By Dermot - 08th Jul 2015

Bringing together medical and nursing students at RCSI Bahrain, under an inter-professional education (IPE) initiative, was among the activities presented at a symposium on IPE at the RCSI, Dublin, on 25 June.

The special symposium was part of the 4th annual International Education Forum, a week-long initiative attended by 28 staff from RCSI Bahrain and PU-RCSI Malaysia, and more than 130 colleagues in Dublin.

IPE is defined as “occasions when two or more healthcare professionals learn with, from, and about each other in order to improve collaboration and the quality of care” (Centre for Advancement of Inter-Professional Education, 2002).

The symposium was opened by Senior Lecturer in Physiotherapy Dr Frances Horgan, who was appointed in September as the RCSI’s first Vice-Dean for IPE. With IPE of increasing importance to regulators accrediting healthcare courses, the appointment is considered a vital means of further advancing this area at the College.

The RCSI has also established a working group to support the work of the Vice-Dean. It is comprised of Prof David Williams, Department of Medicine, RCSI/Beaumont Hospital; Dr Judith Strawbridge, School of Pharmacy, RCSI; Dr Declan Patton, School of Nursing, RCSI; and Ms Maeve Royston, RCSI Bahrain.
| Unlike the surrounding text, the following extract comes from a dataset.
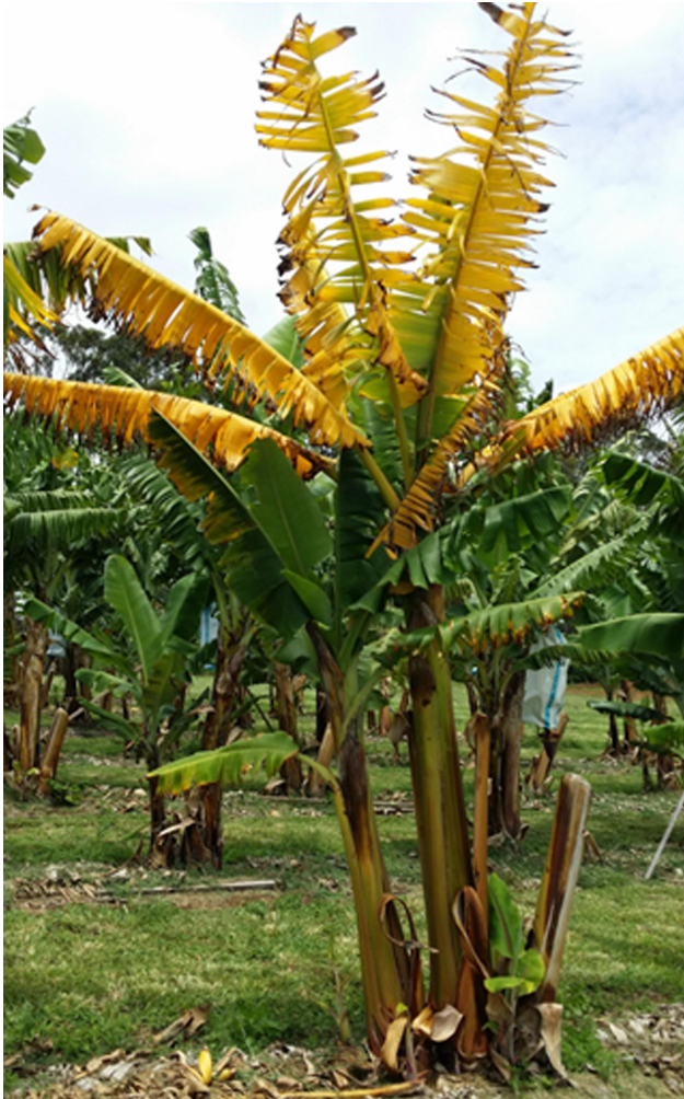
Fig. 1. Banana plants variety Ducasse affected by Fusarium Wilt caused by Fusarium oxysporum f.sp. cabense Race 1, Duranbah Qld, 15 December 2015, photo by Andre Drenth.

from healthy plants be grown in well manured and cultivated soil. 60 No wonder the growers were confused.

Activities in the RCSI undergraduate curricula and the perspectives of international speakers on IPE’s challenges and benefits were also showcased at the symposium.

<h3>Bahrain</h3>

Lecturer at RCSI Bahrain, Ms Maeve Royston, conveyed a particularly unique experience involving medical and nursing students at the College.

This pilot project emerged from parameters drawn-up by the Irish Medical Council as part of the accreditation process for the medical undergraduate programme.

Ms Royston, whose clinical background is in midwifery, approached RCSI Professor of Obstetrics and Gynaecology Prof Andrew Curtain about developing an IPE project. It was decided to focus the pilot around obstetric emergencies and ‘near-misses’ that impact women in pregnancy and childbirth, to include patient stories as to how they were affected by conditions such as post-partum haemorrhage and pre-eclampsia.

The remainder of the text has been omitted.